■ PROBLEM DETAILS:
Print every entry below again exactly as written, skipping the pictures.

■ GIVEN RECORDS:
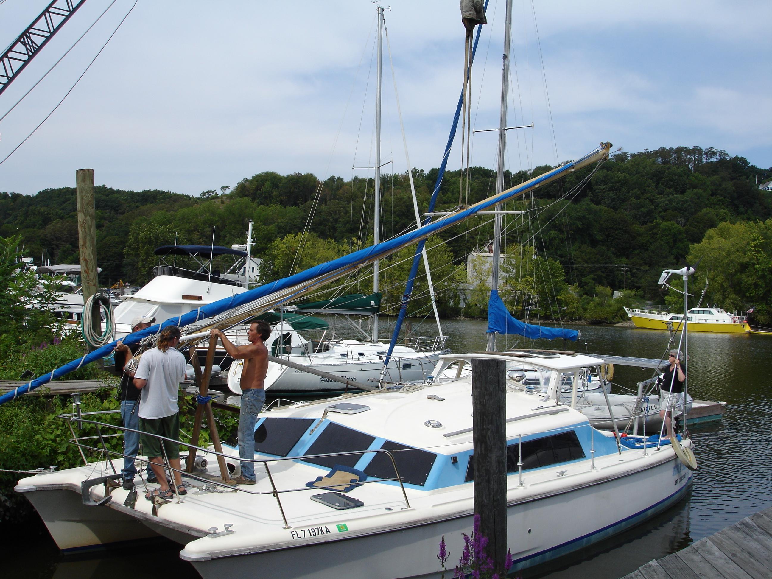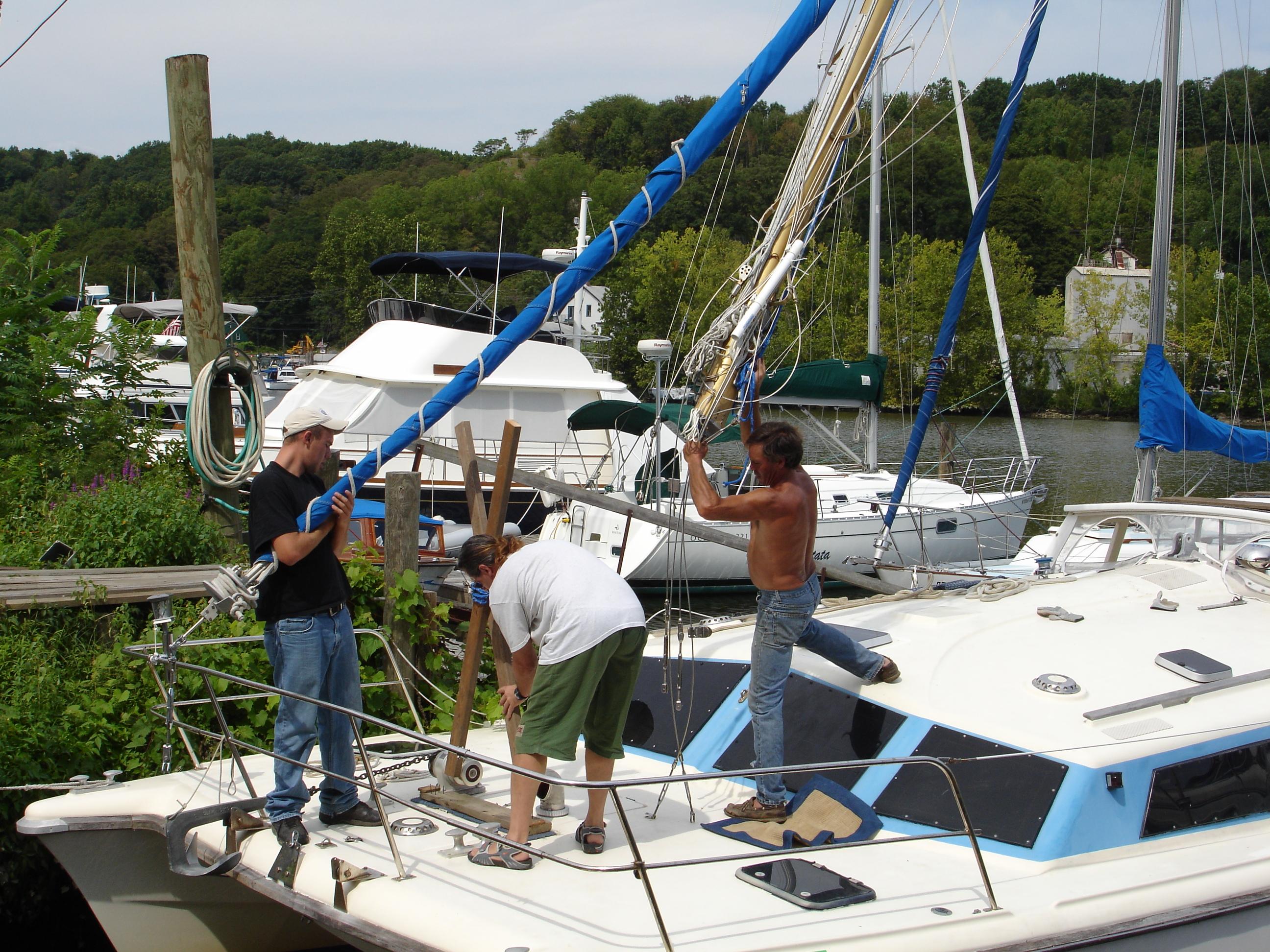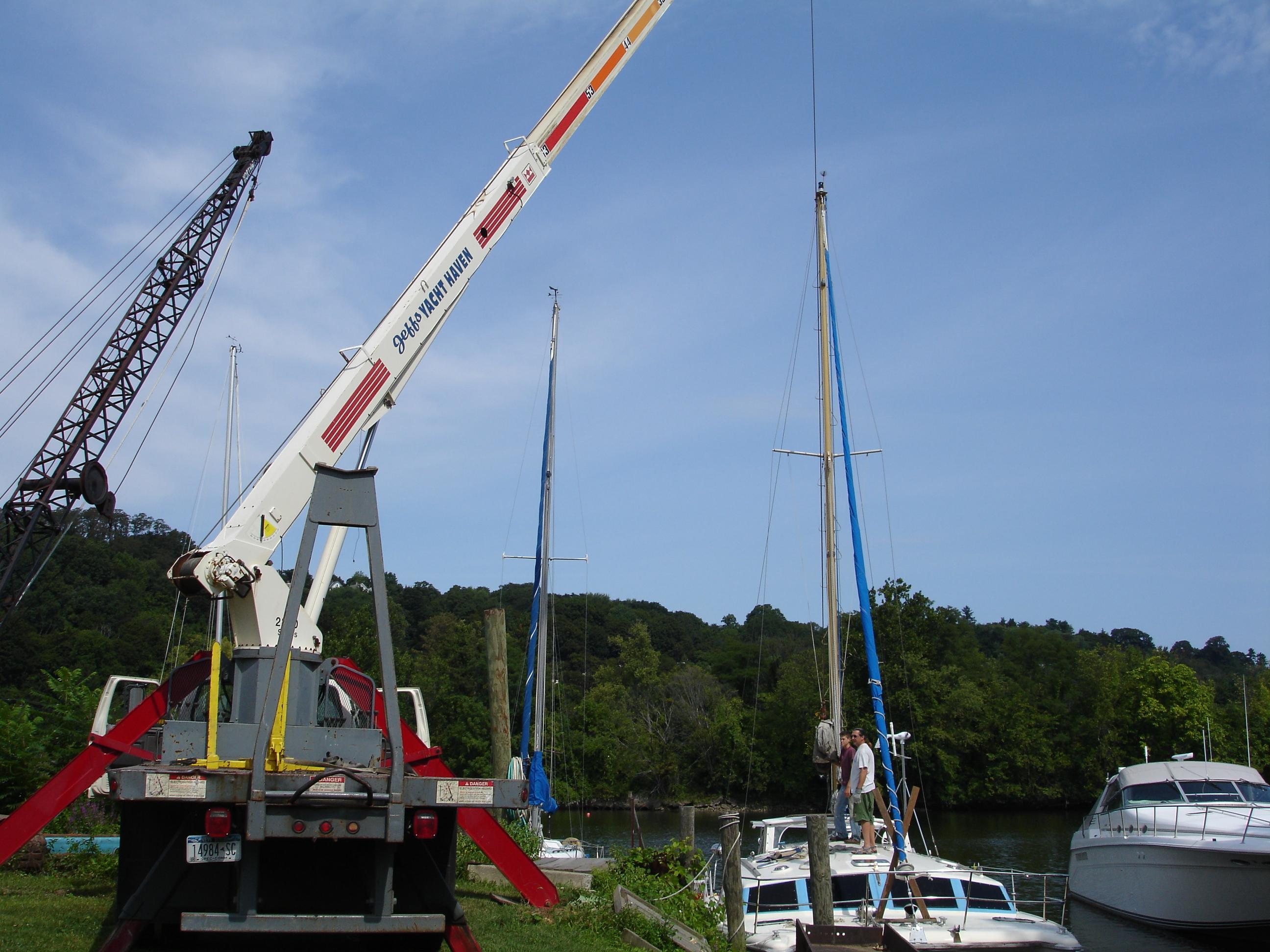 Sean lifted the mast with the crane. They were three on the
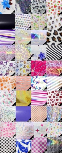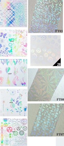 wszystkie folie są transferowe = do odcisku = do odbijania na zelu, hybrydzie lub kleju (na kleju do folii wychodzi najlepiej) wzory, ktore sa przezroczyste nazywamy z angielskiego transparentnymi
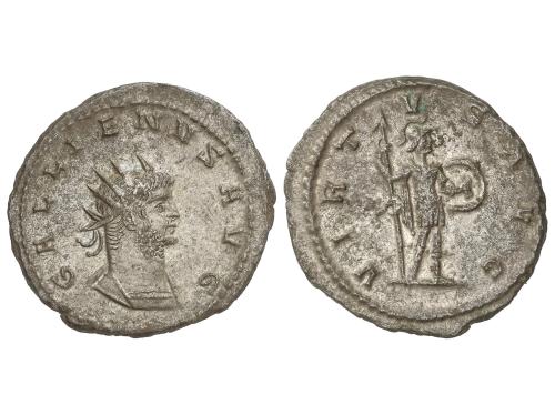 IMPERIO ROMANO. Antoniniano. 266-267 d.C. GALIENO. ANTIOQUÍA. Rev.: VIRTVS AVG. Marte en pie a derecha con lanza y apoyado en un escudo. 3,89 grs. Ve. Restos de brillo. C-1246; RIC-S669. EBC-.
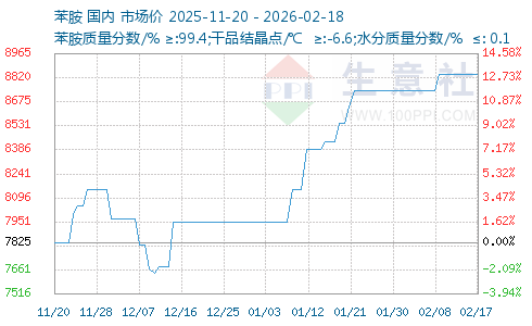 | 苯胺质量分数/% ≥:99.4;干品结晶点/℃ ≥:-6.6;水分质量分数/% ≤: 0.1 | 8100元/吨 | 30吨 | 即期现货 | 山东省 | 02-13 08:05 | 3天 |
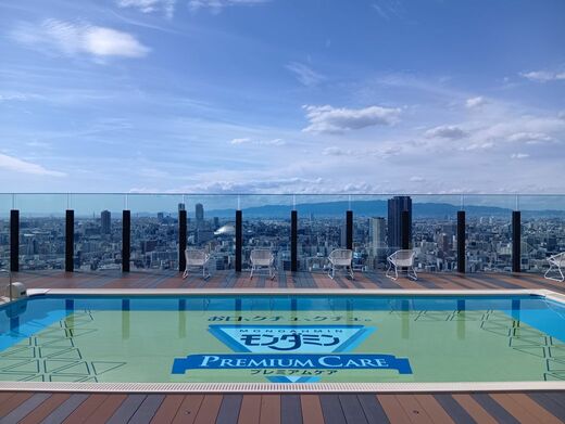 私は部屋に荷物を置くことすら忘れて、テンション上げ上げでホテル内の冒険を開始。おしゃれな飲食店や手荷物一時預かり所など、充実したサービスに度肝を抜かれたが、最も感動したのは40階にある屋上展望台(スカイプール)。京セラドームや梅田の高層ビルなど、大阪市街を一望することができる展望台は、なんと入場料が無料。ベンチも設置されており、平日の昼過ぎだったこともあるせいか、私は展望台からの絶景を独り占め。
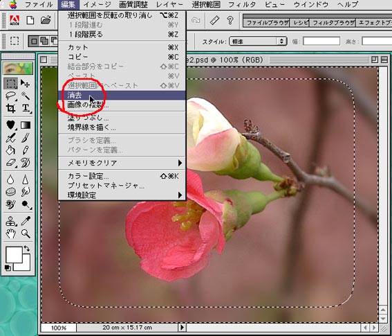 6)ハイッ、縁が白く綺麗にボケました。ボケ色は背景色と同じになります。 もっとハッキリボカしたいときはもう一度「消去」を実行してもいいですよ。 選択範囲から、選択を解除を実行してください。 これで終了です。 トップメニューのファイルからWEBに保存を選んで保存します。 (詳しいやり方は(その1)を参照してください。) |
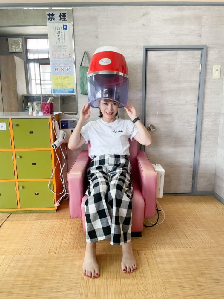 被り型のヘアドライヤーが今だに現役っ!懐かしすぎて記念写真をパチリ。皆様も是非。
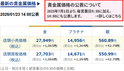 田中貴金属は14時にも価格を発表しており、そちらでさらに高く27949円/gという。
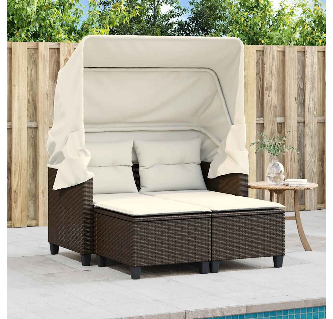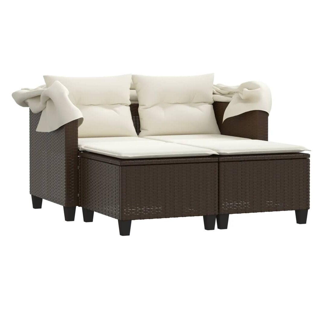 Cantitatea minima pentru "Canapea grădină 2 locuri baldachin și taburete, maro, poliratan" este 1.
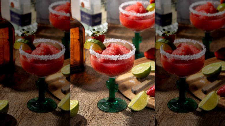 While lemon mimics the citrus character of a sweet-and-sour mix and the orange triple sec of a classic recipe, fruity variations like watermelon, strawberry, cherry, and even blue raspberry offer ways to infuse fun alternative flavors into your cocktail. Whiz in a de-stemmed and seeded jalapeño for a little kick. You can also switch up your spirits. If you're familiar with the difference between tequila and mezcal, you might opt to use the latter, as the smoky quality can be a nice balancer for the sweetness of your ice selection.
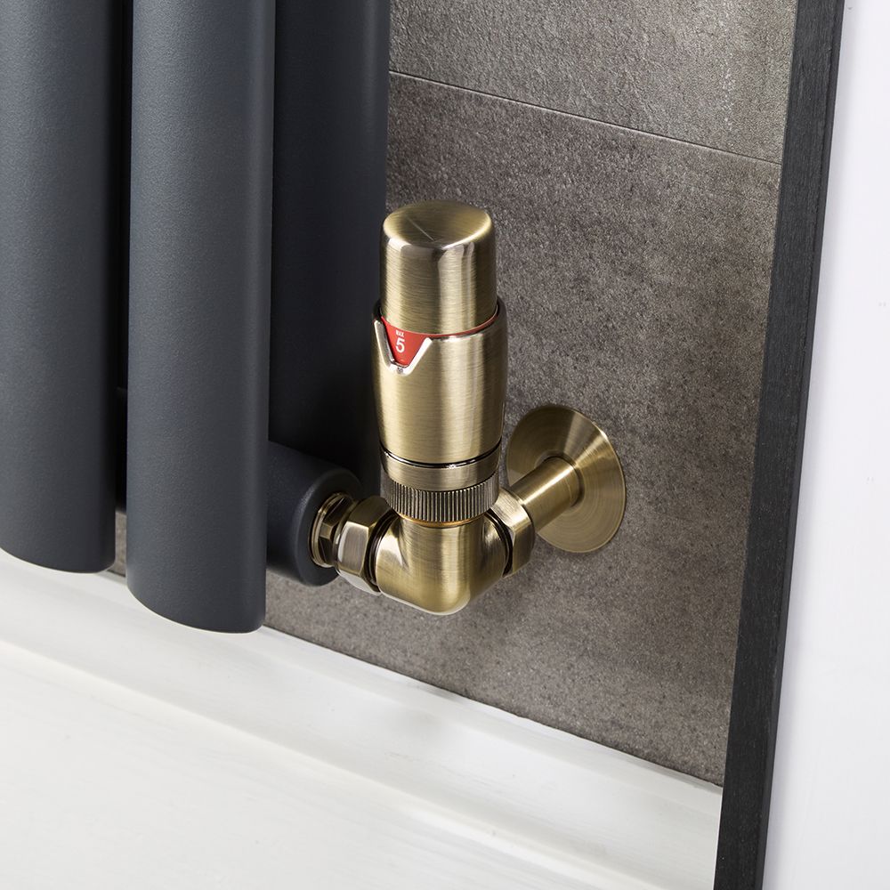 Llaves para Radiador Termostáticas de Esquina y Kit Cubre Tubos - Latón Cepillado

■ ANSWER TO THE EXERCISE:
 Sean lifted the mast with the crane. They were three on the
 wszystkie folie są transferowe = do odcisku = do odbijania na zelu, hybrydzie lub kleju (na kleju do folii wychodzi najlepiej) wzory, ktore sa przezroczyste nazywamy z angielskiego transparentnymi
 IMPERIO ROMANO. Antoniniano. 266-267 d.C. GALIENO. ANTIOQUÍA. Rev.: VIRTVS AVG. Marte en pie a derecha con lanza y apoyado en un escudo. 3,89 grs. Ve. Restos de brillo. C-1246; RIC-S669. EBC-.
 | 苯胺质量分数/% ≥:99.4;干品结晶点/℃ ≥:-6.6;水分质量分数/% ≤: 0.1 | 8100元/吨 | 30吨 | 即期现货 | 山东省 | 02-13 08:05 | 3天 |
 私は部屋に荷物を置くことすら忘れて、テンション上げ上げでホテル内の冒険を開始。おしゃれな飲食店や手荷物一時預かり所など、充実したサービスに度肝を抜かれたが、最も感動したのは40階にある屋上展望台(スカイプール)。京セラドームや梅田の高層ビルなど、大阪市街を一望することができる展望台は、なんと入場料が無料。ベンチも設置されており、平日の昼過ぎだったこともあるせいか、私は展望台からの絶景を独り占め。
 6)ハイッ、縁が白く綺麗にボケました。ボケ色は背景色と同じになります。 もっとハッキリボカしたいときはもう一度「消去」を実行してもいいですよ。 選択範囲から、選択を解除を実行してください。 これで終了です。 トップメニューのファイルからWEBに保存を選んで保存します。 (詳しいやり方は(その1)を参照してください。) |
 被り型のヘアドライヤーが今だに現役っ!懐かしすぎて記念写真をパチリ。皆様も是非。
 田中貴金属は14時にも価格を発表しており、そちらでさらに高く27949円/gという。
 Cantitatea minima pentru "Canapea grădină 2 locuri baldachin și taburete, maro, poliratan" este 1.
 While lemon mimics the citrus character of a sweet-and-sour mix and the orange triple sec of a classic recipe, fruity variations like watermelon, strawberry, cherry, and even blue raspberry offer ways to infuse fun alternative flavors into your cocktail. Whiz in a de-stemmed and seeded jalapeño for a little kick. You can also switch up your spirits. If you're familiar with the difference between tequila and mezcal, you might opt to use the latter, as the smoky quality can be a nice balancer for the sweetness of your ice selection.
 Llaves para Radiador Termostáticas de Esquina y Kit Cubre Tubos - Latón Cepillado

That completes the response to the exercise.